Übrigens meint Turtle Beach mit kabellos auch wirklich kabellos. Das war in der Vergangenheit nicht immer so. Oft musstet ihr noch ein kurzes Kabel in den Controller einstöpseln, was dann lediglich ein Hybrid war. Hier bekommt ihr einen USB-Empfänger und das Headset, um die Konsole und das Headset per Bluetooth zu koppeln. Ein Aufladekabel liegt auch mit in der Packung. Ebenfalls minimalistisch, aber völlig ausreichend.

Eine Wahl mit Qual

Bevor ich weiter vom Stealth 500 schwärme, muss ich aber noch auf einen merkwürdigen und aus meiner Sicht recht schwerwiegenden Makel hinweisen. Während die große Schwester, das Turtle Beach 600, für alle aktuellen Konsolen und den PC zu nutzen ist, müsst ihr euch beim Stealth 500 entscheiden: Wen wollt ihr ausschließen? Die PS5 oder die Xbox Series S/X? Denn das Stealth 500 funktioniert zwar immer auf PC und der Nintendo Switch, aber dann nur entweder für Xbox oder PS. Ihr könnt hier keinen Allrounder bekommen. Sehr schade und schwer zu verstehen. Achtet daher sehr gut auf die Verpackung, ob hier eure bevorzugte Wahl ausgewiesen ist!

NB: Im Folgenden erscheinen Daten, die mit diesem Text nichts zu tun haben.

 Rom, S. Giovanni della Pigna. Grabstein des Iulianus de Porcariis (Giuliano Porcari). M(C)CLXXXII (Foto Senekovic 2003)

Habt ihr diesen kleinen Schock überwunden bzw. das für euch passende Turtle Beach Stealth 500 gefunden, steht dem Gamer-Glück kaum noch was im Weg. Denn sobald ihr das Headset mit der Konsole verbunden habt, bekommt ihr ein richtig gutes Klang-Erlebnis. Und die Verbindung läuft komplett reibungslos ab. Ihr steckt den USB-Empfänger einfach in die Konsole, startet das Headset und los geht's.

Schwärmender Begleiter

Auf diese Art verbindet ihr das Headset auch mit dem PC. Dort dürft ihr dann noch einige Einstellungen vornehmen. Über die App namens Swarm II stehen euch etliche Optionen zur Verfügung, wie ihr euer Stealth 500 gerne nutzen wollt. Von den Tonfrequenzen über die allgemeine Lautstärke bis hin zum Superhuman Hearing tobt ihr euch hier aus. Letzteres ist übrigens speziell für Shooter gedacht, um die Schritte oder Geräusche eurer Feinde glasklar zu hören. Das kennen wir bereits von anderen Turtle Beach Produkten. Ich finde es eine super Funktion.

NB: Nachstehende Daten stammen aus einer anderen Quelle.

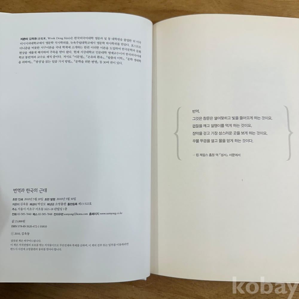 [한국근대사, 중역, 삼중번역] 김욱동, <번역과 한국의 근대>, 소명출판, 2010, p. 343, 상태 중급(사진참조)

Kommen wir kurz zum Sound-Erlebnis. Sobald sich die Ohrmuscheln um eure Ohren geschlossen haben, seid ihr in eurer eigenen Welt. Dadurch kommt der Klang besonders gut zur Geltung. Im tieferen Bass-Bereich ist das Stealth 500 jetzt nicht ganz so kräftig, aber immer noch völlig ausreichend zum Zocken. Bei eingeschaltetem Superhuman Hearing geht der restliche Klang etwas unter. In Kombination mit einem Turtle Beach Controller lässt sich hier aber Abhilfe schaffen, indem ihr per Knopfdruck die Modi wechselt.

Soundtest, 1, 2, 3

Auch in der direkten Kommunikation mit anderen funktioniert das Turtle Beach Stealth 500 wunder-bar und ohne Probleme. Bei einem Teams Meeting konnten mich meine Kollegen auf der Arbeit bestens verstehen und ich sie auch. Nur bei der Lautstärke musste ich etwas nachhelfen, da das Stealth 500 von Haus aus eher etwas leiser eingestellt ist – was absolut in Ordnung geht.

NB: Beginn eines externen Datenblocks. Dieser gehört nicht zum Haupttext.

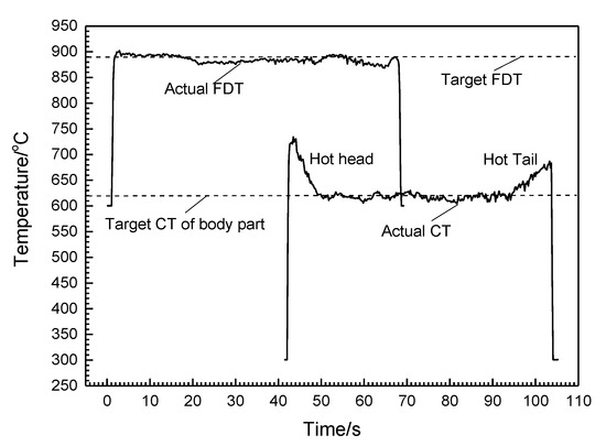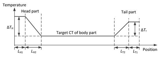 In Figure 11, it can be seen that the temperature of the outer layers decreases with the cooling time increment, due to thermal radiation and air convection. The temperature difference between the part within 20 m from the strip tail end and the strip body part is below 50 °C 1 h after coiler discharging. However, the temperature difference between the part beyond 100 m from the strip tail end and the strip body part is no more than 20 °C 1 h after coiler discharging. Therefore, the cooling parameters of the tail part, ΔTT, LT1, and LT2, are set to 50 °C, 20 m, and 80 m, respectively, as presented in Figure 12 and Table 6.

Kommen wir zum Schluss noch zur Akku-Laufzeit. Diese liegt laut Hersteller bei 40 Stunden. Nach dem wochenlangen Einsatz kann ich bestätigen, dass wir dieser Zahl sehr nahe kommen. Für ein Gerät in dieser Preisklasse absolut herausragend. Und sollte dem Headset mal der Saft ausgehen, ladet ihr es per mitgeliefertem Kabel einfach an der Steckdose schnell auf.

Fazit

Mit dem Turtle Beach Stealth 500 hat der kalifornische Hersteller ein richtig starkes Headset auf den Markt geworfen, das Gamern für unter 100,- Euro einiges bietet. Sei es die schicke (Plastik-)Optik, die leichte Handhabung, der Tragekomfort oder der Klang – das Stealth 500 hat mit dieser Leistung in der gleichen Preisklasse keine direkte Konkurrenz. Es bietet euch ein Sound-Erlebnis, das ich so eher von teureren Geräten erwarten würde. Einziges Manko ist, dass ihr euch entscheiden sollt, ob ihr das Headset für PlayStation oder Xbox nutzen wollt. Beides geht nicht. Dafür ist die Switch und der PC immer mit an Bord. Aber aufgrund der anderen Stärken kann ich hier gerne ein Auge bzw Ohr zudrücken. Das Turtle Beach Stealth 500 ist damit eine absolute Empfehlung von mir, wenn ihr euch nach einem neuen Headset umschaut.